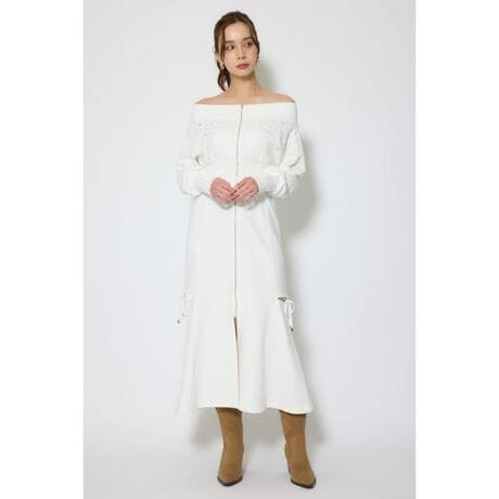 【riendaらしく落とし込んだ、スウェットマーメイドワンピース】■ポイント胸元に大胆にちりばめたビジューが華やかなスウェット素材のマーメイドワンピースがriendaよりお目見え。オフショルデザインにすることでよりヘルシーで女っぽい印象に仕上げました。ウエスト後ろ部分にはゴムが入っているのでストレスフリーな着心地です。■ディテールオフショル部分にはカットリブを採用。締め付け感が少なく、しっかりフィットしてくれます。マーメイドのサイドにはさりげない肌見せとリボンディティールを施し、膝位置を高く見せてくれる効果も◎■スタイリング袖巾が大きすぎなく、アウターを上からも着られるようサイジングしました。ロングブーツ合わせや、春先にはスニーカー合わせもおすすめです。■生地透け感:なし裏 地:なし伸縮性:若干あり光沢感:なし厚 さ:中肉■商品のお気に入り登録お気に入りアイテムの再入荷・在庫1点などの通知を受け取ることができます。[注意事項]※画像の商品はサンプルです。実際の商品と仕様、加工が若干異なる場合があります。※画像の商品は光の照射や角度、お使いのモニター環境により、実物と色味が異なる場合がございます。※着用、お取り扱いの際は、アテンションタグをご確認ください。
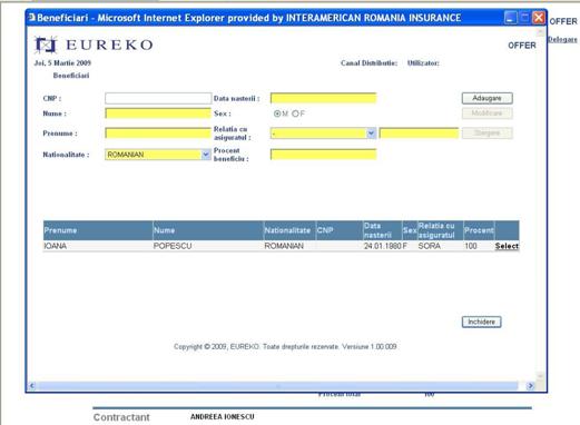 Pasul 8. Pentru a adauga beneficiari la contractul de asigurare, utilizatorul va adauga datele apasand butonul Beneficiari.
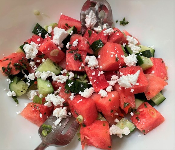 Combine the watermelon, cucumber and scallions in a large bowl. Pour on the dressing and toss to combine, then sprinkle the feta over salad and serve.
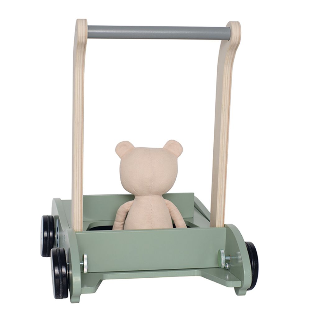 Lära-gå-vagnen från Jabadabado är den idealiska följeslagaren när det är dags att ta dina allra första steg. Vagnen är formad som en charmig liten bil och den omtyckta karaktären Teddy eller Bunny är redo att följa med dig på alla dina äventyr. Vagnen erbjuder stadigt och säkert stöd, även för de allra minsta barnen som precis börjar lära sig gå, tack vare den justerbara bromsen på båda bakhjulen. Dessutom har den en smart inbyggd förvaring, eftersom locket enkelt kan tas av och avslöjar det perfekta gömstället för alla dina favoritleksaker. Den mjuka pastellfärgen gör att vagnen blir en vacker detalj i barnrummet. Hjulen är försedda med gummilister, så de rullar smidigt på alla typer av underlag utan att lämna märken efter sig. Lära-gå-vagnen är en mycket uppskattad present som kommer att ge lekglädje under lång tid framöver och den passar perfekt som dopgåva eller till den första födelsedagen. Vagnen levereras omonterad med tydliga monteringsinstruktioner.
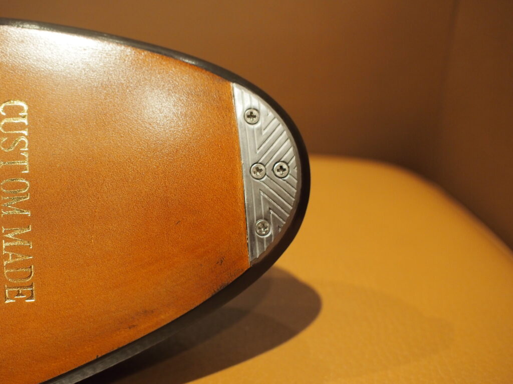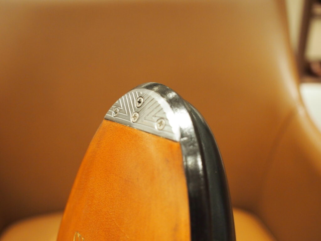 今回、矢筈仕様の靴にビンテージスチールを付ける修理を承りましたが、スチールの角もキレイに削って仕上げています。

────────

TASK GOAL: Repeat the listing verbatim, pictures excluded.

TASK RESPONSE:
 【riendaらしく落とし込んだ、スウェットマーメイドワンピース】■ポイント胸元に大胆にちりばめたビジューが華やかなスウェット素材のマーメイドワンピースがriendaよりお目見え。オフショルデザインにすることでよりヘルシーで女っぽい印象に仕上げました。ウエスト後ろ部分にはゴムが入っているのでストレスフリーな着心地です。■ディテールオフショル部分にはカットリブを採用。締め付け感が少なく、しっかりフィットしてくれます。マーメイドのサイドにはさりげない肌見せとリボンディティールを施し、膝位置を高く見せてくれる効果も◎■スタイリング袖巾が大きすぎなく、アウターを上からも着られるようサイジングしました。ロングブーツ合わせや、春先にはスニーカー合わせもおすすめです。■生地透け感:なし裏 地:なし伸縮性:若干あり光沢感:なし厚 さ:中肉■商品のお気に入り登録お気に入りアイテムの再入荷・在庫1点などの通知を受け取ることができます。[注意事項]※画像の商品はサンプルです。実際の商品と仕様、加工が若干異なる場合があります。※画像の商品は光の照射や角度、お使いのモニター環境により、実物と色味が異なる場合がございます。※着用、お取り扱いの際は、アテンションタグをご確認ください。
 Pasul 8. Pentru a adauga beneficiari la contractul de asigurare, utilizatorul va adauga datele apasand butonul Beneficiari.
 Combine the watermelon, cucumber and scallions in a large bowl. Pour on the dressing and toss to combine, then sprinkle the feta over salad and serve.
 Lära-gå-vagnen från Jabadabado är den idealiska följeslagaren när det är dags att ta dina allra första steg. Vagnen är formad som en charmig liten bil och den omtyckta karaktären Teddy eller Bunny är redo att följa med dig på alla dina äventyr. Vagnen erbjuder stadigt och säkert stöd, även för de allra minsta barnen som precis börjar lära sig gå, tack vare den justerbara bromsen på båda bakhjulen. Dessutom har den en smart inbyggd förvaring, eftersom locket enkelt kan tas av och avslöjar det perfekta gömstället för alla dina favoritleksaker. Den mjuka pastellfärgen gör att vagnen blir en vacker detalj i barnrummet. Hjulen är försedda med gummilister, så de rullar smidigt på alla typer av underlag utan att lämna märken efter sig. Lära-gå-vagnen är en mycket uppskattad present som kommer att ge lekglädje under lång tid framöver och den passar perfekt som dopgåva eller till den första födelsedagen. Vagnen levereras omonterad med tydliga monteringsinstruktioner.
 今回、矢筈仕様の靴にビンテージスチールを付ける修理を承りましたが、スチールの角もキレイに削って仕上げています。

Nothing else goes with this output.